International Journal of Electrical Components and Energy Conversion
Volume 2, Issue 3, June 2016, Pages: 15-20

A Dual-mode Control of a Multi-coil Electromechanical Converter Based on an Improved Bacterial Foraging Algorithm

Gong Zhang1, 2, *, Zheng Xu1, Weijun Wang1, 2, Zhichen Hou1, Xing Gu1, Songsong Liang1,
Ning Lin1, Yunpeng Guo1

1Guangzhou Institute of Advanced Technology, Chinese Academy of Science, Guangzhou, China

2Shenzhen Institute of Advanced Technology, Shenzhen, China

Email address:

(Gong Zhang)
(Zheng Xu)
(Weijun Wang)
(Zhichen Hou)
(Xing Gu)
(Songsong Liang)
(Ning Lin)
(Yunpeng Guo)

*Corresponding author

To cite this article:

Gong Zhang, Zheng Xu, Weijun Wang, Zhichen Hou, Xing Gu, Songsong Liang, Ning Lin, Yunpeng Guo. A Dual-mode Control of a Multi-coil Electromechanical Converter Based on an Improved Bacterial Foraging Algorithm. International Journal of Electrical Components and Energy Conversion. Vol. 2, No. 3, 2016, pp. 15-20. doi: 10.11648/j.ijecec.20160203.11

Received: August 4, 2016; Accepted: August 13, 2016; Published: September 13, 2016


Abstract: The objective of this research is to improve the response performance of an electro-mechanical converter (EMC), a new design of EMC provided with the bobbin of triple coils is proposed in this study. A mathematic model and a solution of searching time optimum using an improved Bacterial Foraging Algorithm (BFA) are developed, and a dual-mode controller with Bang-Bang & PI based on the proposed method is designed. Analysis and simulation results show promising effects that the response time of the triple coil EMC driven by dual-mode controller is reduced from 8.5ms to 2.5ms compared to the traditional single coil EMC, and the ringing and overshoot are below 5%. The designed control technology can realize high response performance and display good prospect of development.

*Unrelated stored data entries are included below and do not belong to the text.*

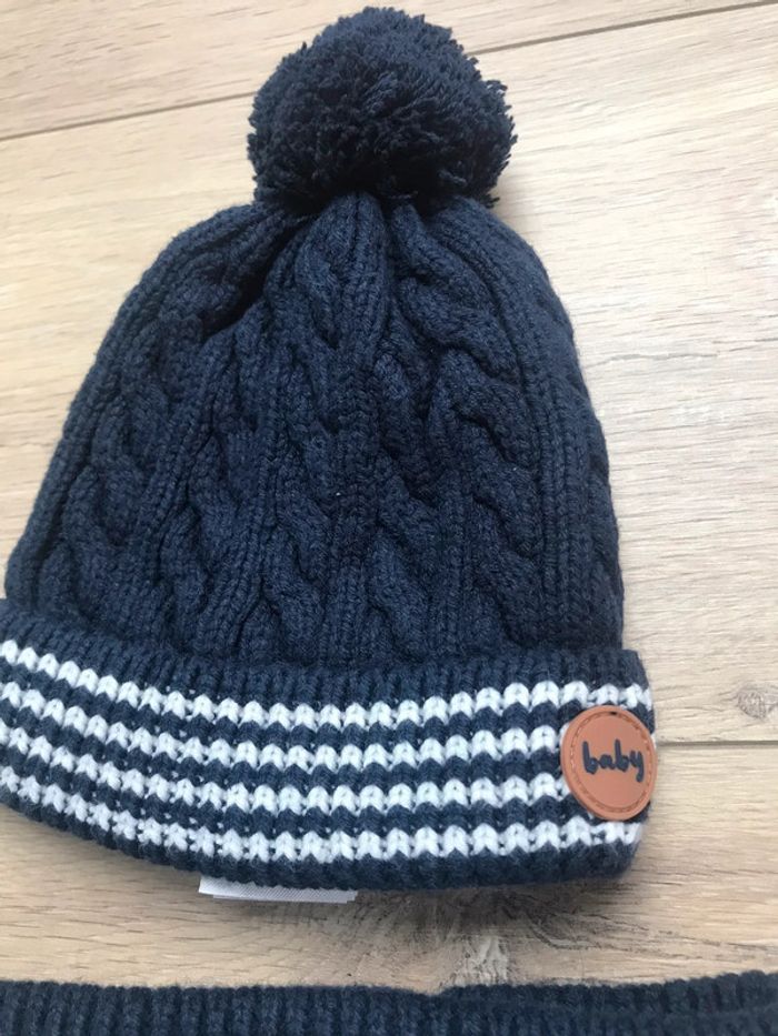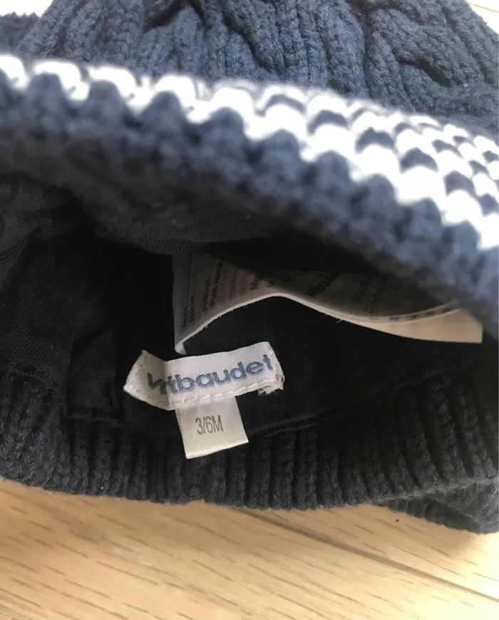 Ensemble bonnet tour de cou et moufles grosse maille marine à rayures blanches vertbaudet 3/6M #cinineaw_garconaccessoires #cinineaw_mixteaccessoires #cinineaw_filleaccessoires
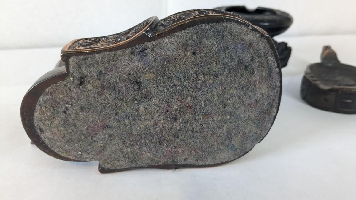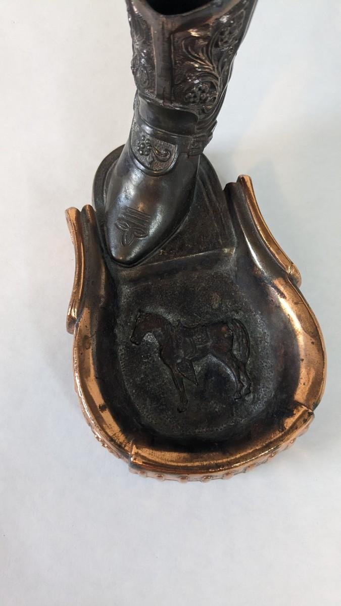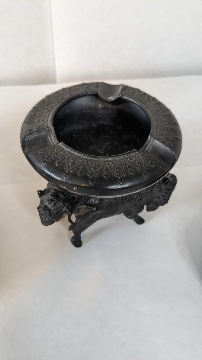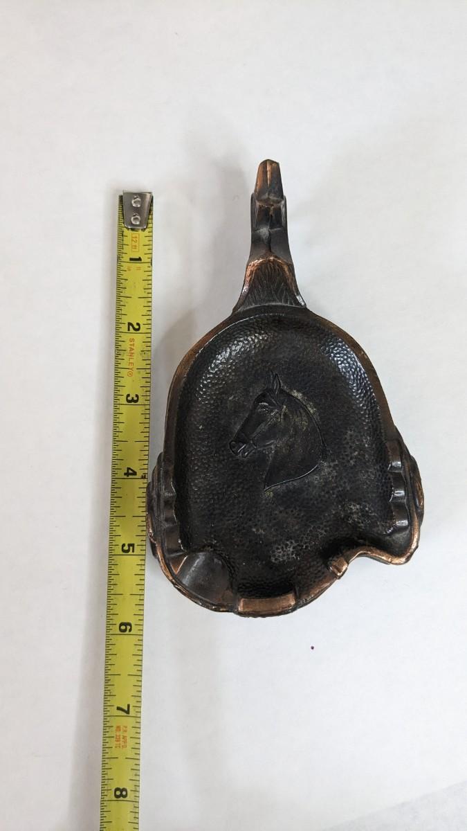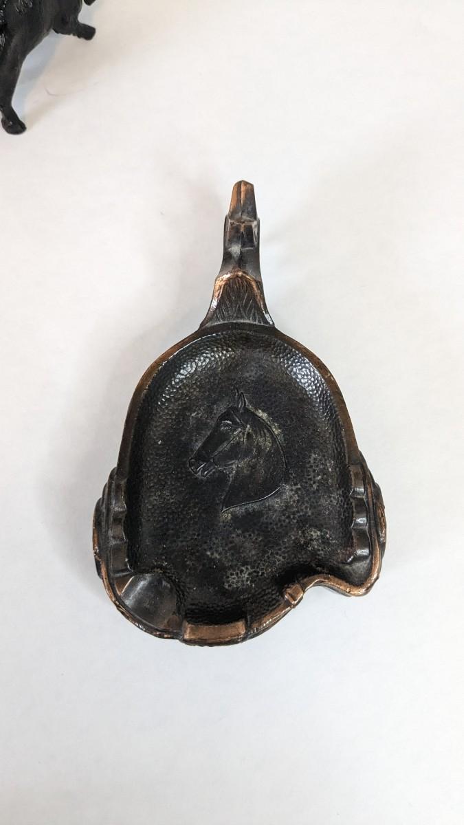 (3) Varied metal ashtrays, 2 copper and 1 black composite. Each have an incredible ranch/cabin feel, two are clearly used but still in good shape with bison piece showing almost zero wear
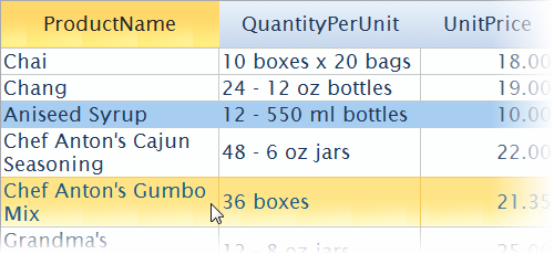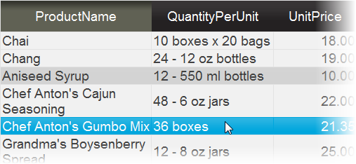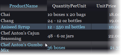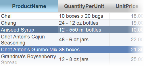 C1GridView includes themes allowing you to easily change the control's appearance. The control includes several built-in themes allowing you to customize the control's appearance to your application. You can easily change themes from the C1GridView Tasks menu, from the Properties window, and in code. For more information on changing themes see the Theming.
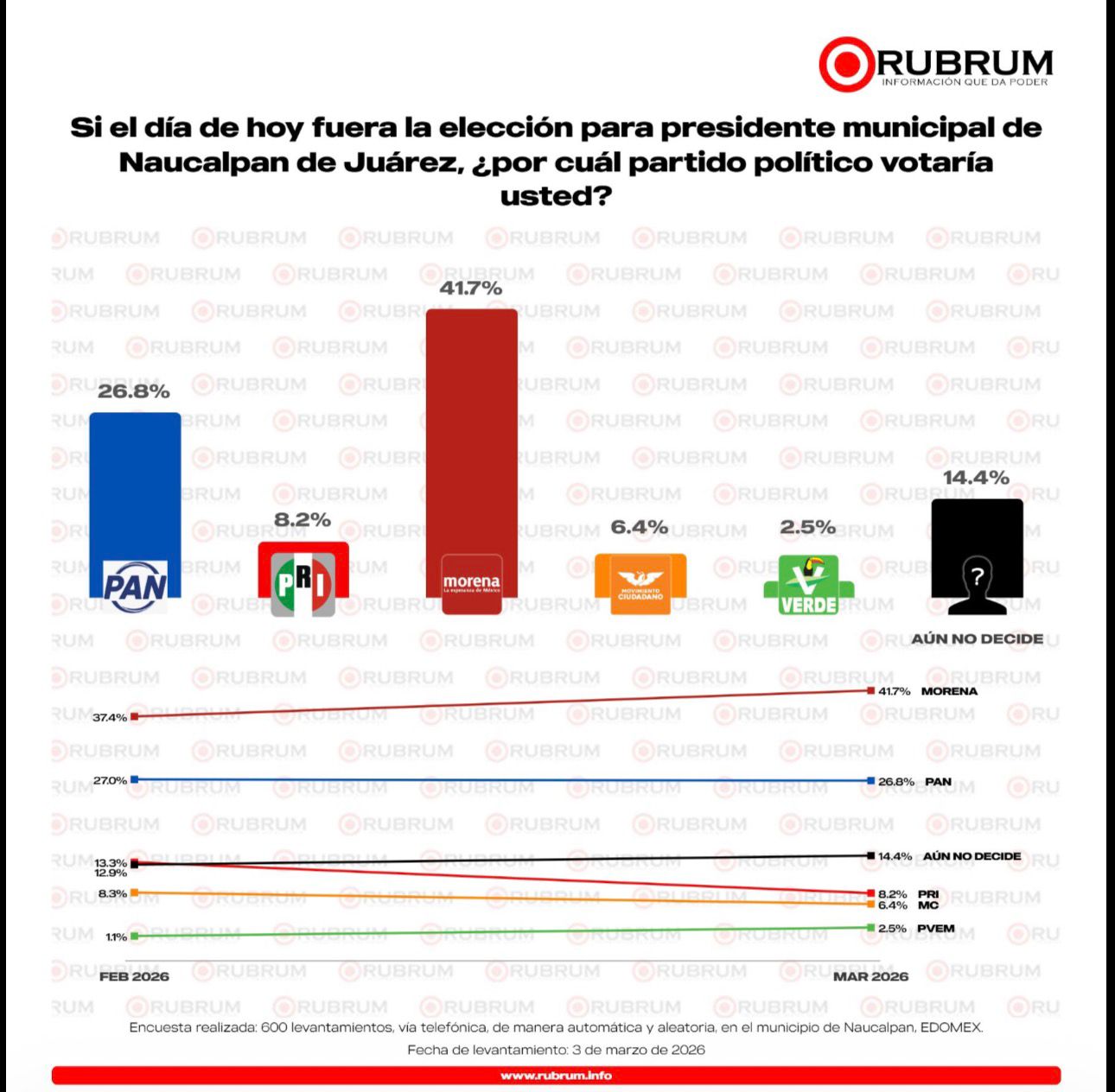 El dinamismo administrativo de un gobierno de resultados ha tenido un eco directo en la opinión, como lo refleja la pregunta ¿si el día de hoy fuera la elección de presidente municipal de Naucalpan, por qué partido votaría, MORENA está adelante con el 41.7%, contra su más cercano competidor el PAN 26.8%. Los estudios de la empresa RUBRUM destacan que en febrero MORENA tenía 37.4 por ciento y ascendió más de 4 puntos, mientras que el PAN descendió.
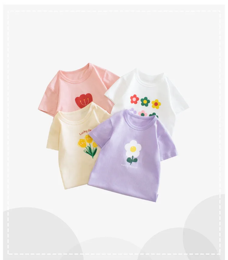 Alma Clothes Summer Cotton T Shirt Sleeve Infant Top Cartoon Flower
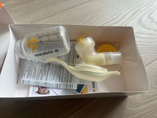 Sacaleches eléctrico marca Medela con biberón 125ml de Philips Avent.
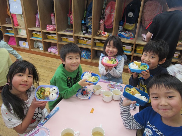 握ったおにぎりに担任が顔を描きました☺
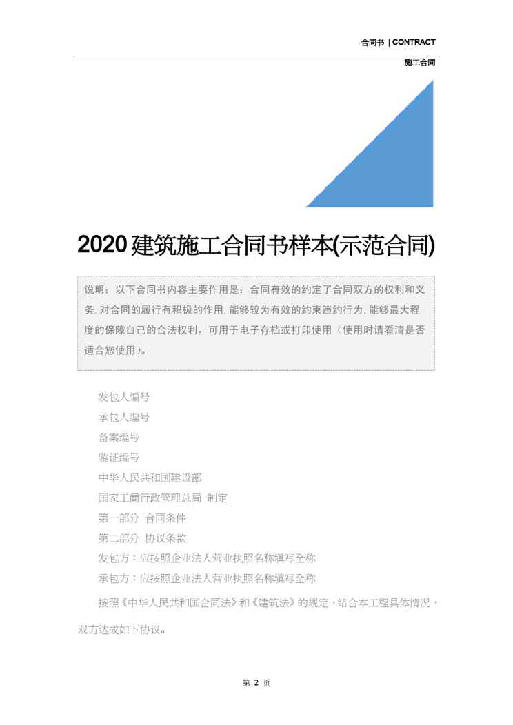 本站资深用户发布了最新的《2020建筑施工合同书样本(示范合同)》文档,以下内容为预览,详细内容可下载阅读。 声明:本站所有文章,如无特殊说明或标注,均为本站原创发布。任何个人或组织,在未征得本站同意时,禁止复制、盗用、采集、发布本站内容到任何网站、书籍等各类媒体平台。如若本站内容侵犯了原著者的合法权益,可联系我们进行处理。
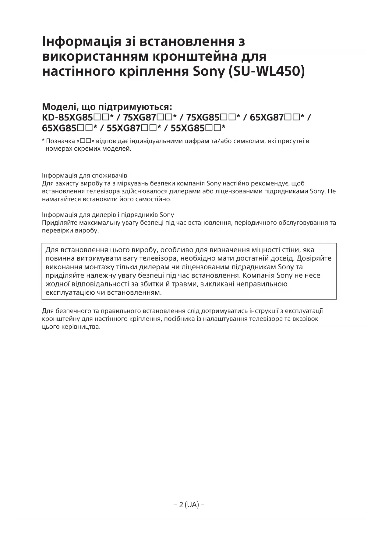 - Позначка «» відповідає індивідуальними цифрам та/або символам, які присутні в номерах окремих моделей. Інформація для споживачів Для захисту виробу та з міркувань безпеки компанія Sony настійно рекомендує, щоб встановлення телевізора здійснювалося дилерами або ліцензованими підрядниками Sony. Не намагайтеся встановити його самостійно. Інформація для дилерів і підрядників Sony Приділяйте максимальну увагу безпеці під час встановлення, періодичного обслуговування та перевірки виробу. Для встановлення цього виробу, особливо для визначення міцності стіни, яка повинна витримувати вагу телевізора, необхідно мати достатній досвід. Довіряйте виконання монтажу тільки дилерам чи ліцензованим підрядникам Sony та приділяйте належну увагу безпеці під час встановлення. Компанія Sony не несе жодної відповідальності за збитки й травми, викликані неправильною експлуатацією чи встановленням. Для безпечного та правильного встановлення слід дотримуватись інструкції з експлуатації кронштейну для настінного кріплення, посібника із налаштування телевізора та вказівок цього керівництва.− 3 (UA) −

Keywords: Electromechanical Converter (EMC), Triple Coil, Bacterial Foraging Algorithm (BFA), Time Optimal Control, Bang-Bang Control


1. Introduction

An electromechanical converter (EMC) is regarded as the most widely employed linear motion mechanism in various industry driving fields, so that electromagnetic energy can be converted to mechanical energy reciprocating linear motion continuously and proportionately. At present, a moving coil type of EMC has been drawing widely attention because of high linearity and small hysteresis. Tanaka [1] pointed out the generated electromagnetic force is about 2.5 times higher than the others with the same size.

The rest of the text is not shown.